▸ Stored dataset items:
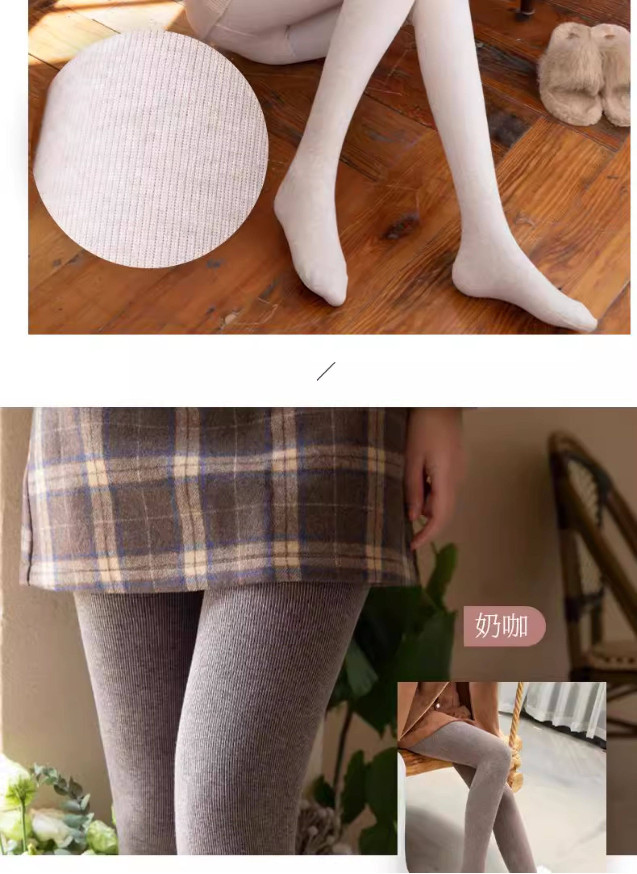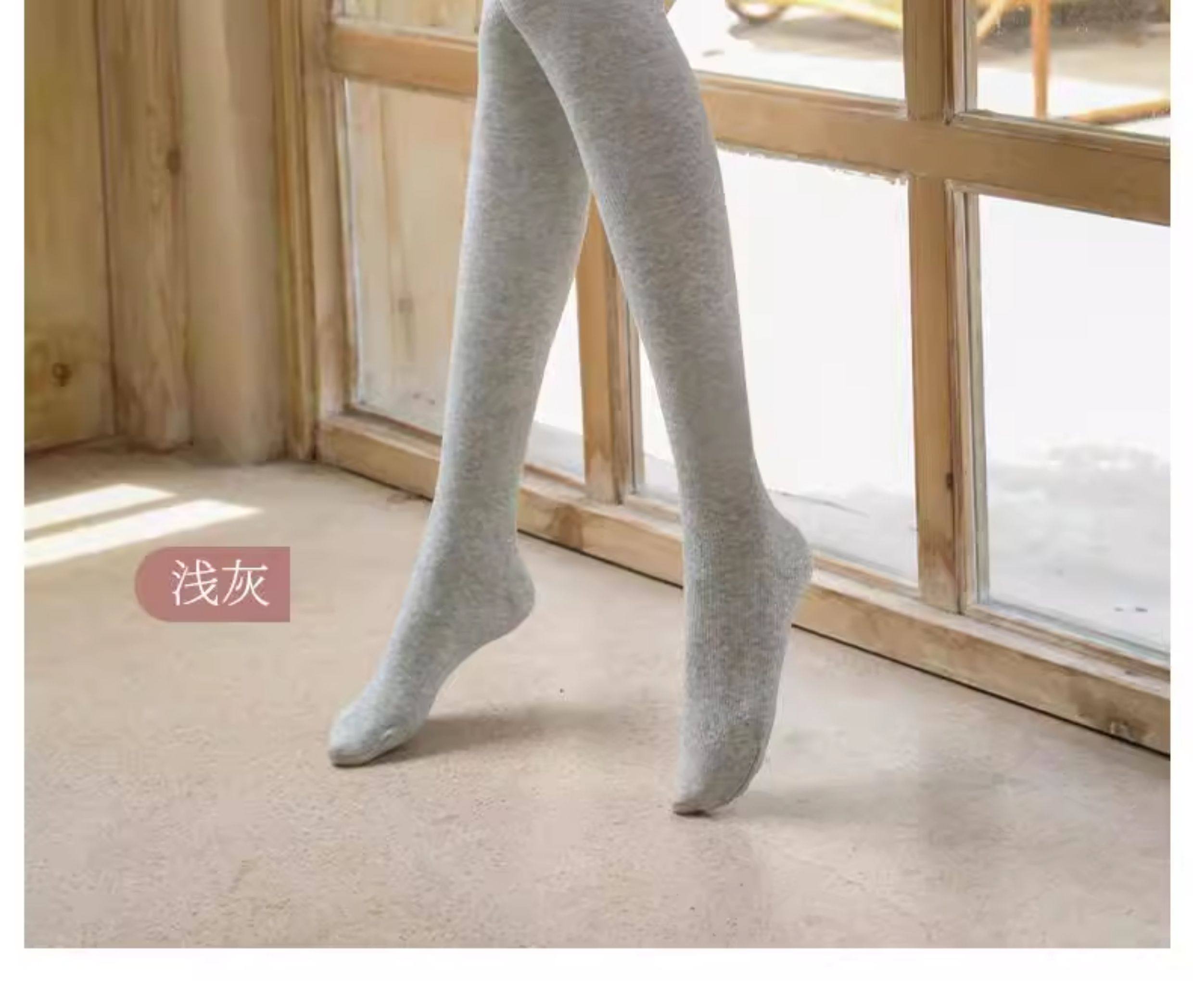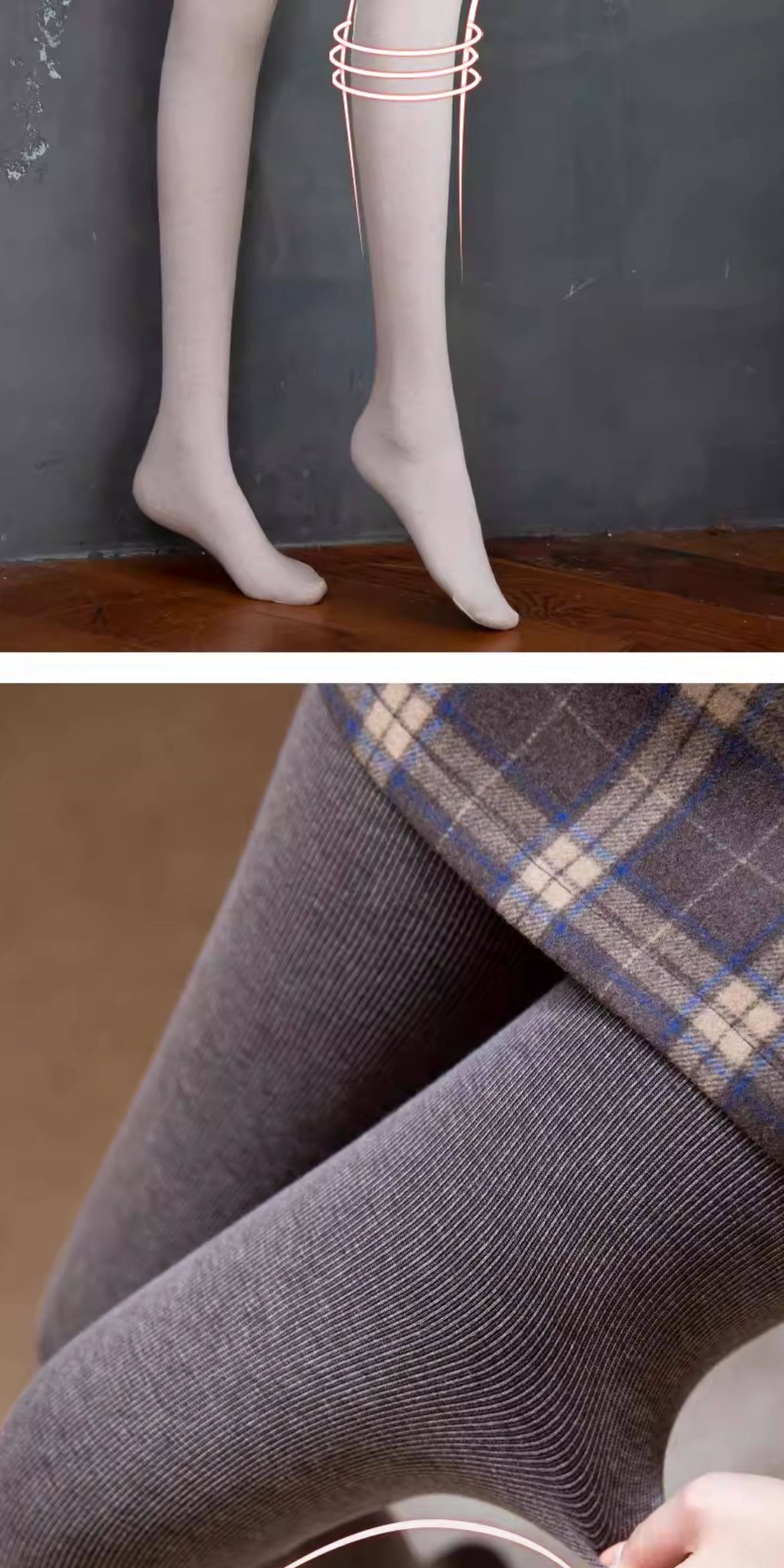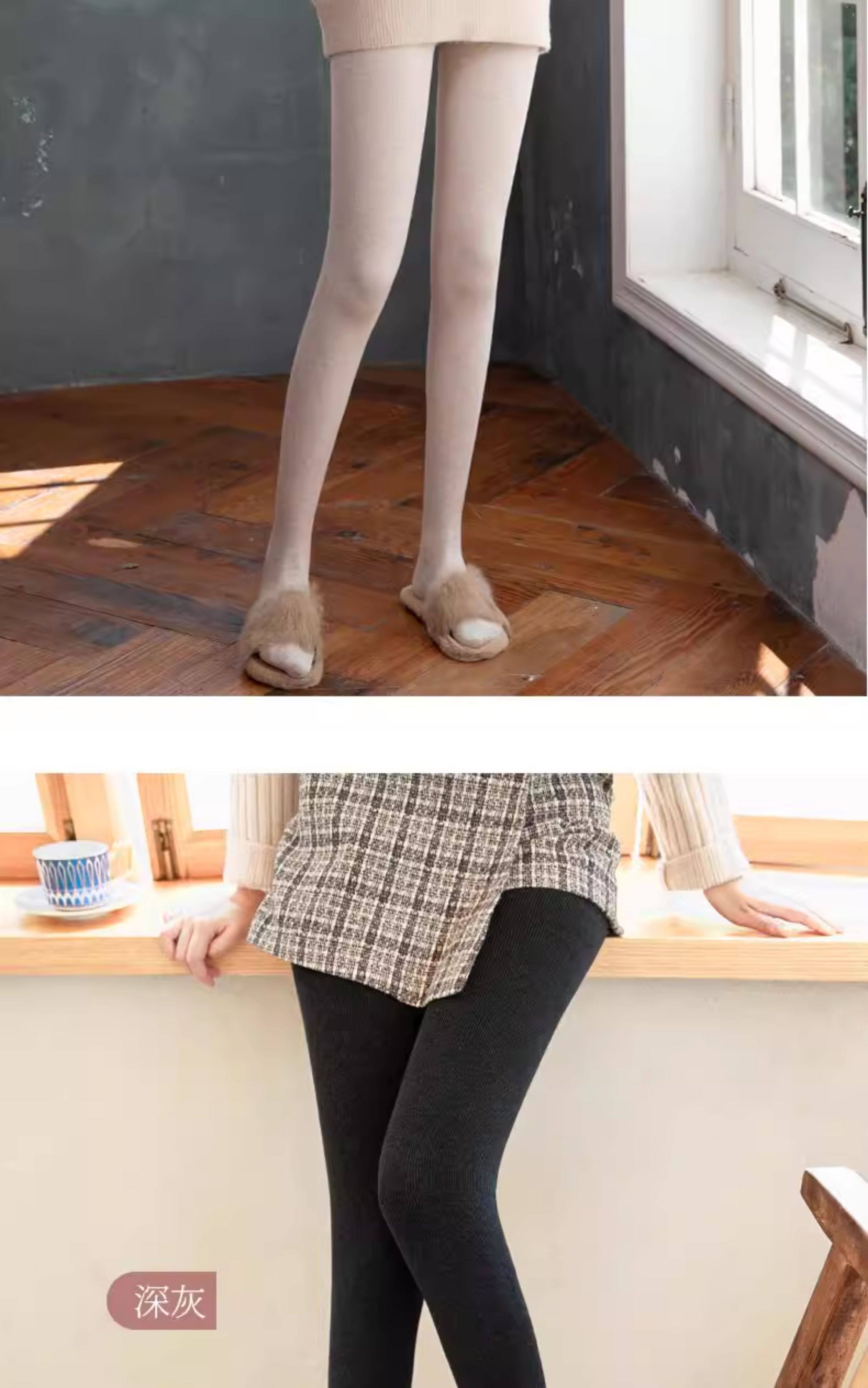 Tall Women's Dark Gray Ribbed Thin Leggings with Extended Stripes, Winter Fleece-Lined and Thickened Cotton Tights for Spring and Autumn
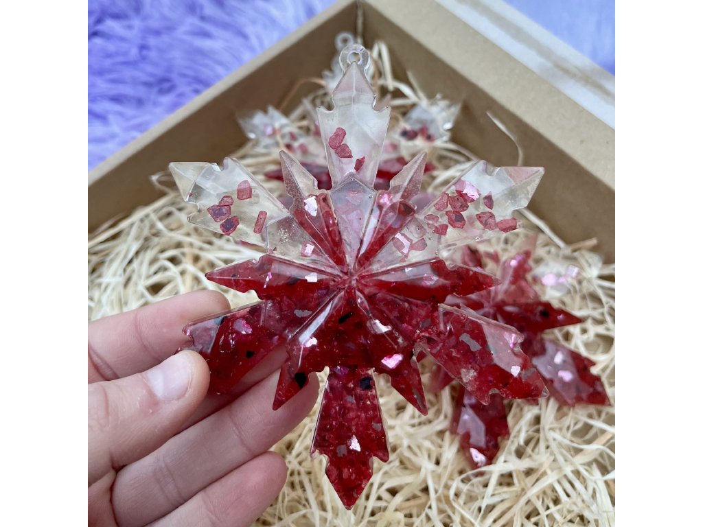 Sněhová vločka s drceným sklem - červená
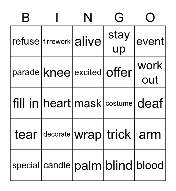 This bingo card has a free space and 24 words: decorate, candle, excited, special, event, refuse, parade, firrework, costume, wrap, offer, fill in, trick, arm, knee, blind, deaf, alive, work out, heart, blood, tear, stay up and palm.
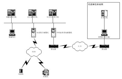 根据业务需求,电话银行前置机以 PC服务器(联想万全服务器)为硬件平台,通过PSTN网接电话机、传真机以及其他查询终端,另一端接电话银行前置机中的语音卡。
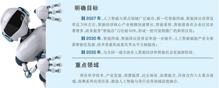 《方案》聚焦科学技术、产业发展、消费提质、民生福祉、治理能力、开放合作六大重点领域,部署系列攻坚任务,推动人工智能与各行业各领域深度融合。
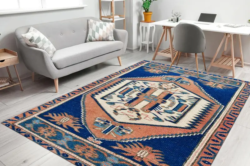 Vintage Türk Geometrik Baskılı Halı: Etnik Desenli ve Zengin Tasarım

▸ Work to be completed:
Copy every entry exactly; drop the pictures.

▸ Written solution:
 Tall Women's Dark Gray Ribbed Thin Leggings with Extended Stripes, Winter Fleece-Lined and Thickened Cotton Tights for Spring and Autumn
 Sněhová vločka s drceným sklem - červená
 This bingo card has a free space and 24 words: decorate, candle, excited, special, event, refuse, parade, firrework, costume, wrap, offer, fill in, trick, arm, knee, blind, deaf, alive, work out, heart, blood, tear, stay up and palm.
 根据业务需求,电话银行前置机以 PC服务器(联想万全服务器)为硬件平台,通过PSTN网接电话机、传真机以及其他查询终端,另一端接电话银行前置机中的语音卡。
 《方案》聚焦科学技术、产业发展、消费提质、民生福祉、治理能力、开放合作六大重点领域,部署系列攻坚任务,推动人工智能与各行业各领域深度融合。
 Vintage Türk Geometrik Baskılı Halı: Etnik Desenli ve Zengin Tasarım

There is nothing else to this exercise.